Der Böhmwind oder Böhmischer Wind ist ein katabatischer Fallwind, der in Ostbayern, im östlichen Oberfranken, dem Vogtland, im Erzgebirge, der Oberlausitz, in den Sudeten und im österreichischen Granit- und Gneishochland auftritt. Er ist böig, trocken und mit niedrigen Temperaturen verbunden. Böhmischer Wind führt aus dem Böhmischen Becken oft leicht staubhaltige, dunstige Luft heran.
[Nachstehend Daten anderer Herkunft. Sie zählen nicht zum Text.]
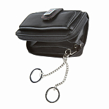 Внутри одно отделение, в котором расположены два кольца для ключей и два кармашка для мелких предметов. Закрывается на молнию.

Durch den Böhmwind gebeugte Bäume

Allgemeines

Bearbeiten

Der Böhmische Wind ist die Folge eines Hochdruckgebiets, das über dem Böhmischen Becken liegt, so dass die bodennahe Luft von dort bestrebt ist, in die umliegenden Gebiete tieferen Luftdrucks abzufließen.

Besonders ausgeprägt ist der Effekt im Winterhalbjahr, wenn längere Zeit ein Hoch über Mittel- und Osteuropa liegt und sich im Böhmischen Becken zunehmend Kaltluft ansammelt. Da kalte Luft schwerer als warme ist, steigt der bodennahe Luftdruck über Böhmen – es bildet sich ein kleines Kältehoch. Dabei herrscht über Böhmen meist hochnebelartige Bewölkung mit trüben Sichten. Im nördlichen und westlichen Umland Böhmens (Schlesien, Sachsen, Bayern) kann sich aufgrund der Orographie ein Kaltluftsee nicht in dieser Deutlichkeit ausbilden; hier herrscht deshalb etwas geringerer Luftdruck.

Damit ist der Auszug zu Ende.